____ DATA SECTION

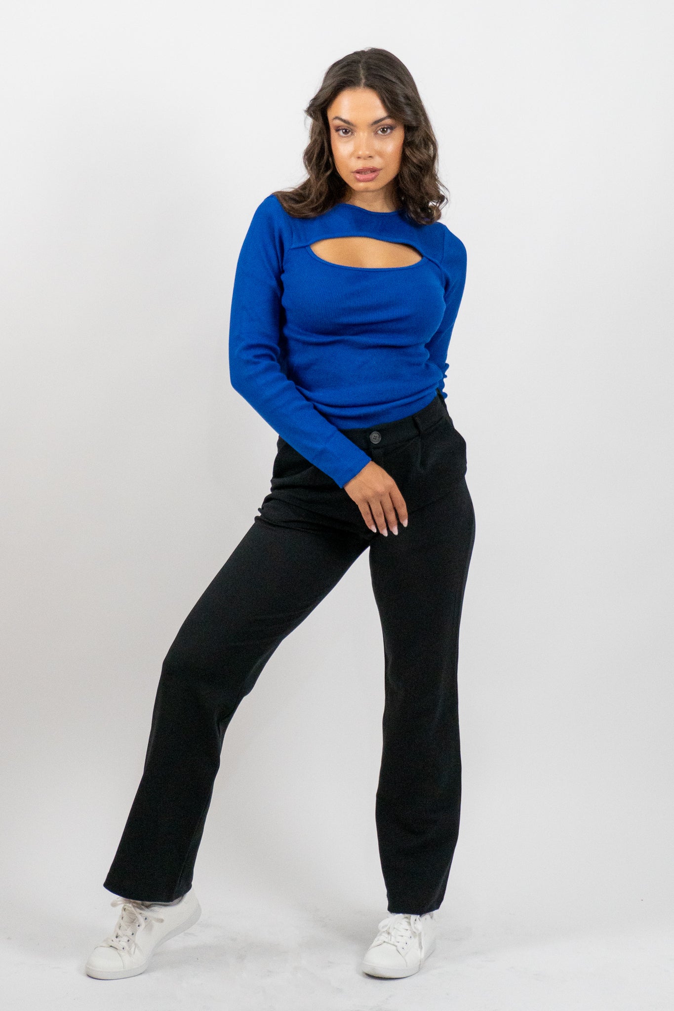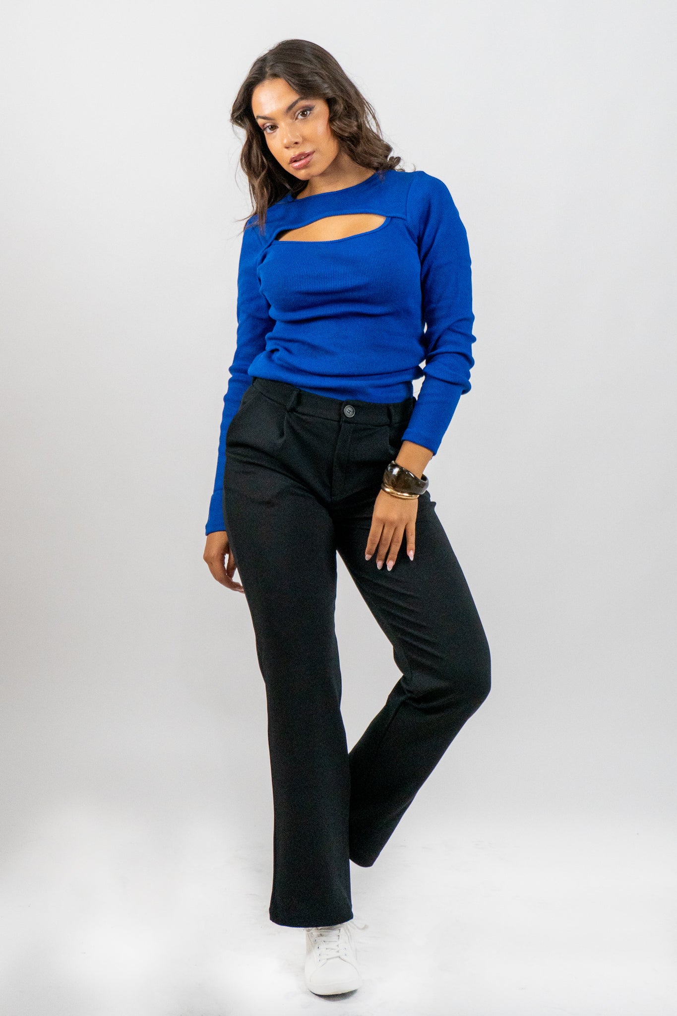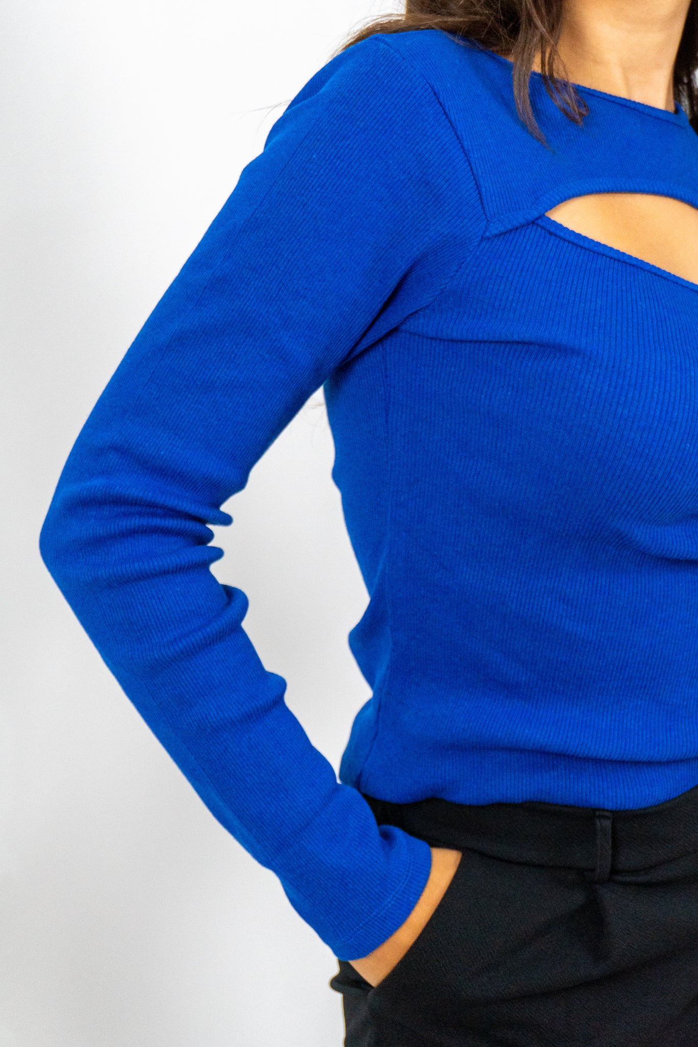 Η μπλούζα Celina σε έντονο μπλε χρώμα ξεχωρίζει με τη μοντέρνα cut-out λεπτομέρεια στο στήθος.
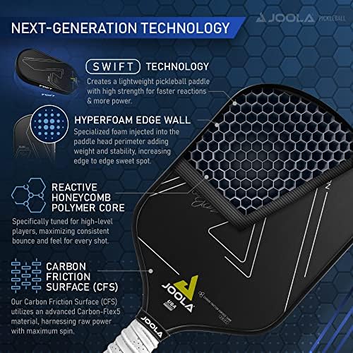 Designed specifically for high-level pickleball, JOOLA’s paddles maximize consistency in bounce and feel, essential for every shot. Minimized vibrations provide better control and reduced fatigue, enabling you to play longer without getting worn out.
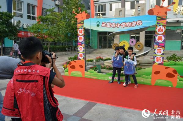人民网北京9月1日电 (尹星云)今天,北京市的中小学生迎来了新的学年。记者在三里屯小学看到,清晨七点刚过,校长小助理、摄影小记者就在学校门口以特殊的方式迎接一年级新生的到来。
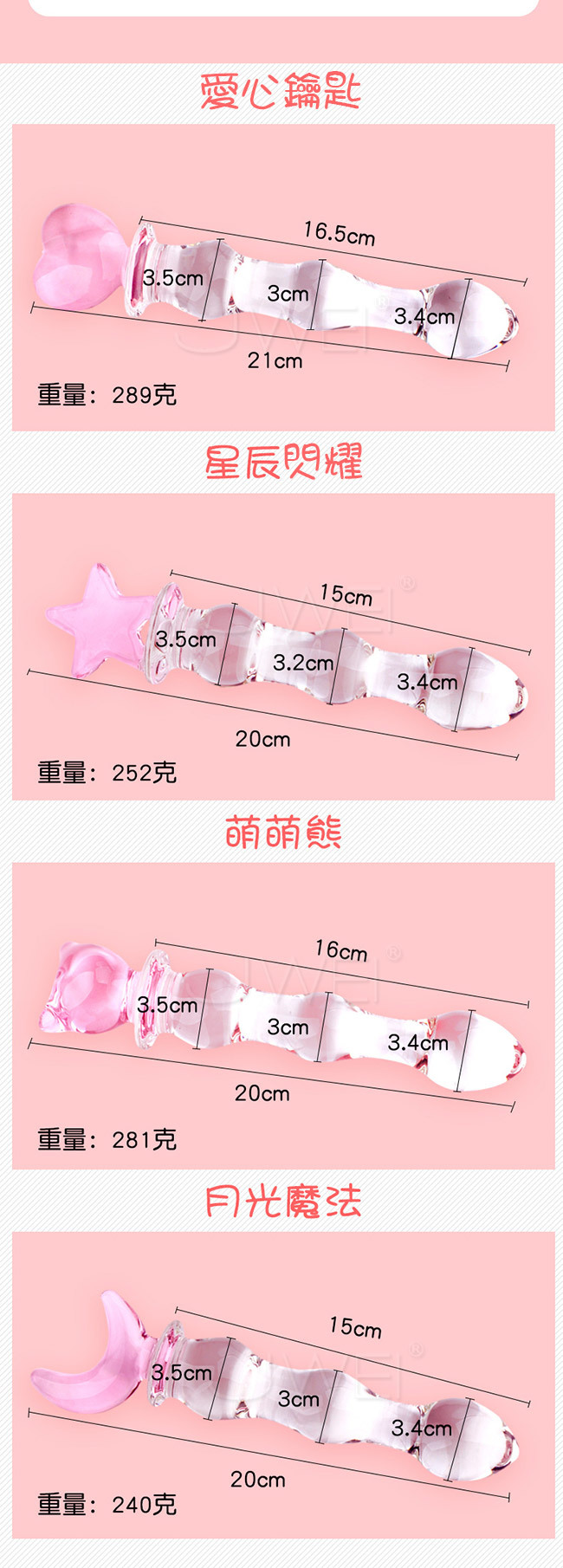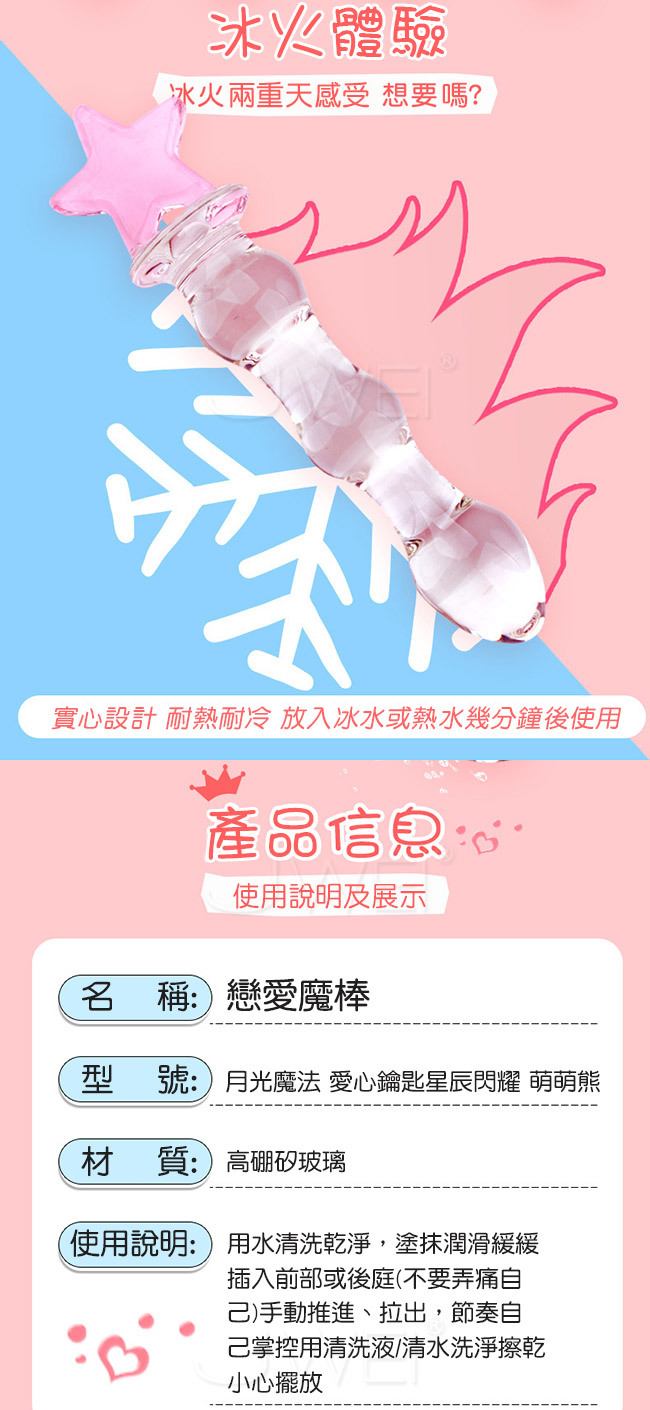 以隱密地整天戴著它,讓你貪婪地享受深入與擴張的快感,完美的 曲線保持長時間的舒適,加強你的敏感神經。特殊的握把,在每次 的進出都與生理結構細膩的結合著,加強著身體反應......耀眼光滑 如絲緞,帶著它在炎熱的臥室中玩耍或者出外參加聚會時,都會給 您帶來頑皮的秘密刺激。每一吋的前進,都在引燃身體的慾火;每 一吋的深入,都碰觸柔軟潮濕的地帶。玻璃,您可以輕易地清理、 擦拭與保存。在炎熱的夏季,可以保持冰涼而享受其它材質無法比 擬的清涼舒爽;在冰冷的冬季可以用暖暖包或者熱水加熱而享受更 舒服的溫暖體驗,冰火兩重天感受,想要嗎?

________

The expected answer is an unaltered copy of the listing, images removed.

◆ EXERCISE RESULT ◆
 Η μπλούζα Celina σε έντονο μπλε χρώμα ξεχωρίζει με τη μοντέρνα cut-out λεπτομέρεια στο στήθος.
 Designed specifically for high-level pickleball, JOOLA’s paddles maximize consistency in bounce and feel, essential for every shot. Minimized vibrations provide better control and reduced fatigue, enabling you to play longer without getting worn out.
人民网北京9月1日电 (尹星云)今天,北京市的中小学生迎来了新的学年。记者在三里屯小学看到,清晨七点刚过,校长小助理、摄影小记者就在学校门口以特殊的方式迎接一年级新生的到来。
 以隱密地整天戴著它,讓你貪婪地享受深入與擴張的快感,完美的 曲線保持長時間的舒適,加強你的敏感神經。特殊的握把,在每次 的進出都與生理結構細膩的結合著,加強著身體反應......耀眼光滑 如絲緞,帶著它在炎熱的臥室中玩耍或者出外參加聚會時,都會給 您帶來頑皮的秘密刺激。每一吋的前進,都在引燃身體的慾火;每 一吋的深入,都碰觸柔軟潮濕的地帶。玻璃,您可以輕易地清理、 擦拭與保存。在炎熱的夏季,可以保持冰涼而享受其它材質無法比 擬的清涼舒爽;在冰冷的冬季可以用暖暖包或者熱水加熱而享受更 舒服的溫暖體驗,冰火兩重天感受,想要嗎?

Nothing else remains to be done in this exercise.